I'd like to add a new column to pg_attribute that specifies the
attribute's "logical position" within its relation. The idea here is
to separate the logical order of the columns in a relation from the
on-disk storage of the relation's tuples. This allows us to easily &
quickly change column order, add an additional column before or after
an existing column, etc.

At present, attnum basically does three things: identifies an column
within a relation, indicates which columns are system columns, and
defines the order of a relation's columns. I'd like to move this last
functionality into a separate pg_attribute column named "attpos" (or
"attlogicalpos"):

         - when the table is created, attnum == attpos. System columns
           have attpos < 0, as with attnum. At no point will two
           columns of the same relation have the same attpos.

         - when returning output to the client and no column ordering
           is implied by the query (e.g. "SELECT * ..."), we sort the
           columns in ascending attpos order.

         - when storing a tuple on disk, we don't consider attpos

         - if we want to change the order of the column's in a
           relation, we can do so merely by updating pg_attribute; no
           changes to the on-disk storage of the relation should be
           necessary

A few notes:

  (a) ISTM this should also apply to COPY TO and COPY FROM if the user
      didn't supply a column list.
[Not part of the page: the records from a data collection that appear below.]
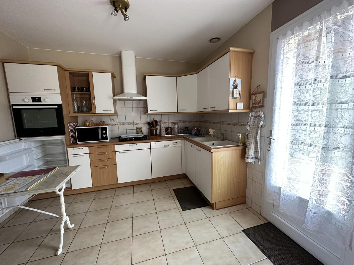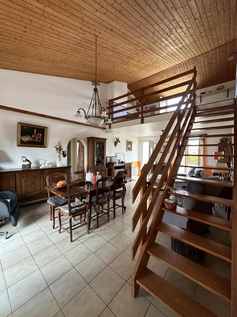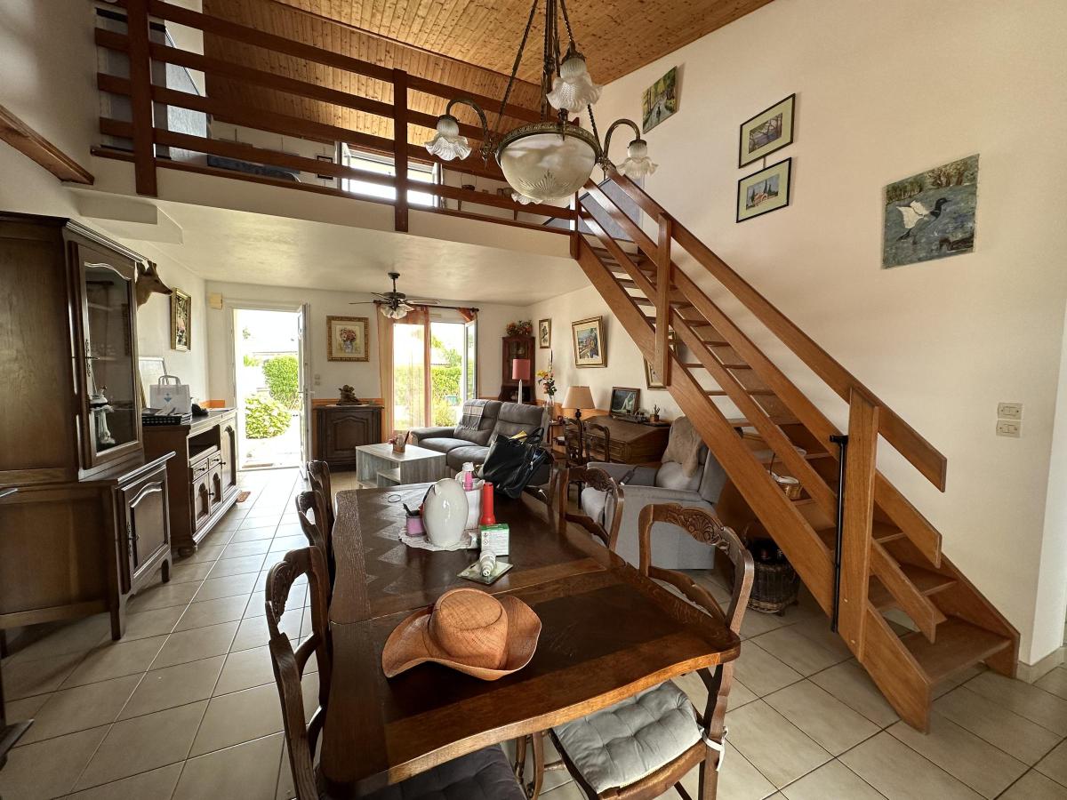 Elle est composée d'un séjour/salon avec mezzanine, une cuisine aménagée, deux chambres, WC, salle d'eau. Garage. Terrasse donnant sur un jardin clos.
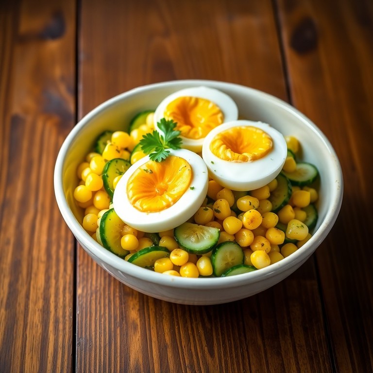 A vibrant and healthy salad with grilled corn, sliced cucumber, and soft-boiled eggs, tossed in a lemon-herb vinaigrette. Perfect as a light lunch or side dish, packed with flavor and nutrients.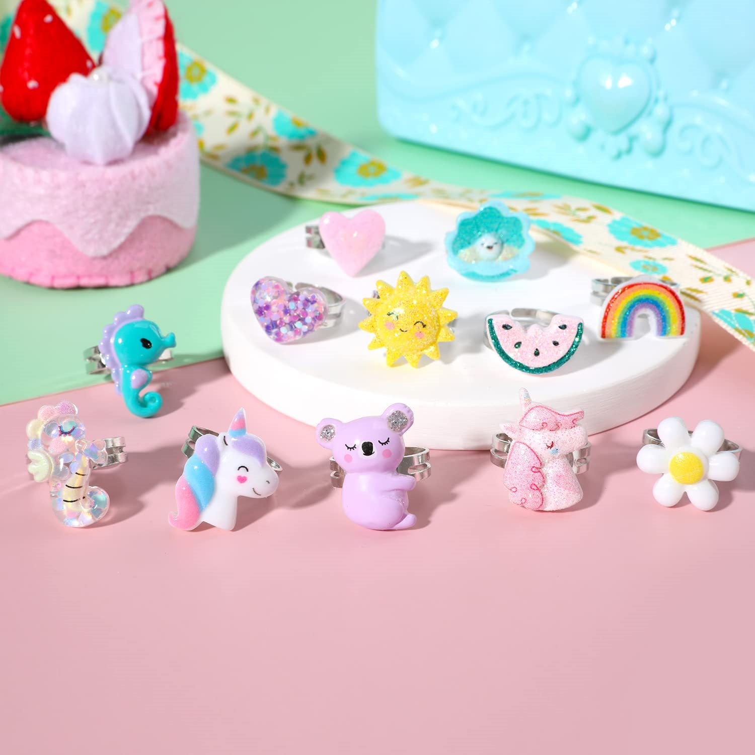 PinkSheep Little Girl Jewel Rings in Box, Adjustable, No Duplication, Girl Play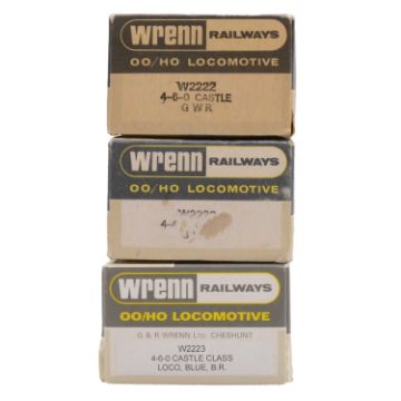 Three Wrenn OO/HO gauge model railway locomotives, Castle Class, including W2222 Devizes Castle, W2223 Windsor Castle, W222* Clune Castle, all boxed.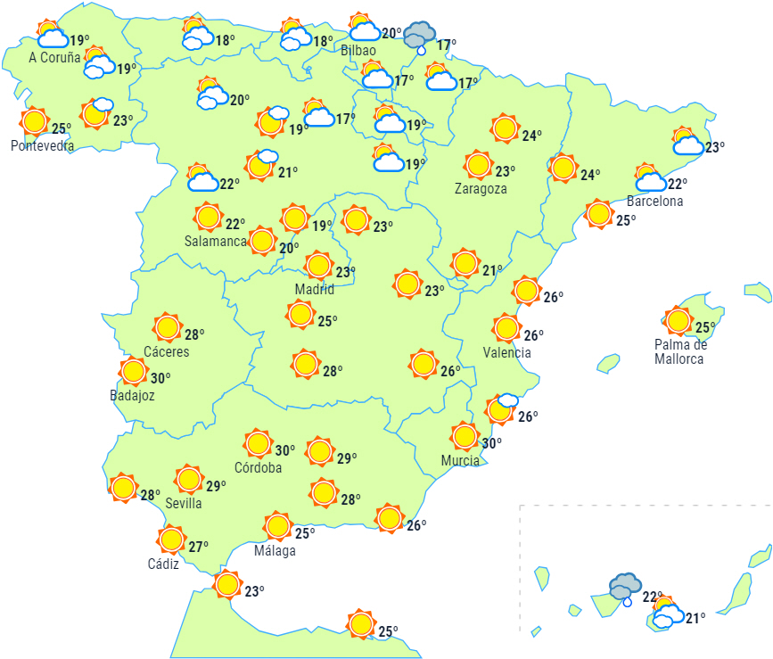 Stabilt vejr på halvøen og Balearerne med overvejende letskyet eller klar himmel. Kun i det nordlige Galicien, ved nordvestkysten, den øvre Ebro-dal og de vestlige Pyrenæer forventes overskyet himmel med svag og spredt nedbør, noget tungere i det østlige ende af nordvestkysten.

Is this reasonable? It would break
      dumps of the table's contents, but then again, dumps aren't
      guaranteed to remain valid over arbitrary changes to the table's
      meta-data.

  (b) Using the above scheme that attnum == attpos initially, there
      won't be any gaps in the sequence of attpos values. That means
      that if, for example, we want to move the column in position 50
      to position 1, we'll need to change the position's of all the
      columns in positions [1..49] (and suffer the resulting MVCC
      bloat in pg_attribute). Changing the column order is hardly a
      performance critical operation, so that might be acceptable.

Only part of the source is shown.